I've been having a good-natured disagreement with Heidi Miller about the concept of Fair Use. She had, in a recent podcast, a lawyer asserting that every second of every created piece, no matter what, required permission, and that "Fair Use" was "only" a defense, not a right. As a long-time media producer, this didn't ring true to me, and so I was pretty excited when the recent edition of On the Media addressed it. In fact, they led me to an entire comic book written by Duke Law Professors on the subject (much easier to grasp for those of us who are visual learners, and an exercise in Fair Use itself).

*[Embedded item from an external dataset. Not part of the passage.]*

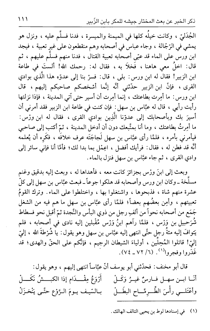الجُدَليّ، وكانت خيلُه كلها في الميمنة والميسرة، فدنا فسلَّم عليه، ونزل هو يمشي في الرّجّالة، وجاء عباس في أصحابه وهم منقطعون على غير تعبية، فيجد ابن ورس على الماء قد عبّى أصحابه تعبية القتال، فدنا منهم فسلَّم عليهم، ثم قال: اخلُ معي هاهنا، فَخلَا به، فقال له: رحمك الله! ألستَ في طاعة ابن الزبير! فقال له ابن ورس: بلى، قال: فسرْ بنا إلى عدوّه هذا الَّذي بوادي القرى، فإنّ ابن الزبير حدّثني أنَّه إنَّما أشخصكم صاحبكم إليهم، قال ابن ورس: ما أمِرت بطاعتك، إنما أمِرت أن أسير حتى آتي المدينة، فإذا نزلتها رأيت رأيي، قال له عبَّاس بن سهل: فإن كنت في طاعة ابن الزبير فقد أمرني أن أسيرَ بك وبأصحابك إلى عدوّنا الَّذِين بوادي القرى، فقال له ابن ورْس: ما أمِرتُ بطاعتك، وما أنا بمتَّبعك دون أن أدخل المدينة، ثمَّ أكتب إلى صاحبي فيأمرني بأمره، فلمَّا رأى عبَّاس بن سهل لَجاجَتَه عرف خلافَه، فكَرِه أن يُعلمه أنَّه قد فطن له، فقال: فرأيك أفضل، اعمْل بما بدا لك؛ فأمَّا أنا فإني سائر إلى وادي القرى، ثم جاء عبَّاس بن سهل فنزل بالماء.

The whole thing is worth a read, but the part that I found most supportive came in the afterword:
"To be fair, in many-perhaps most-cases these demands for payment or clearance have nothing to do with copyright law as it stands. Instead, they are a manifestation of a "permissions culture" premised on the belief that copyright gives its owners the right to demand payment for every type of useage, no matter its length, or its purpose, or the context in which it is set. But that is not, and never has been the law."
They also specifically include podcasting in their overview of why Fair Use is essential to the continuing documentation of our culture.
As an artist, I tend to be pretty free with my work, as long as I'm credited--I do not expect to get rich from my art, I simply want the freedom to continue to make it. Fair Use, I argue, is, in fact, a right--not a weaselish way to get out of paying for money. It's also a requirement, I feel, to hold people accountable for the things they say--if I do not have the ability to let you hear the latest lie from [Right Wing Pundit] in my effort to disprove it, then it severely diminishes free speech in general.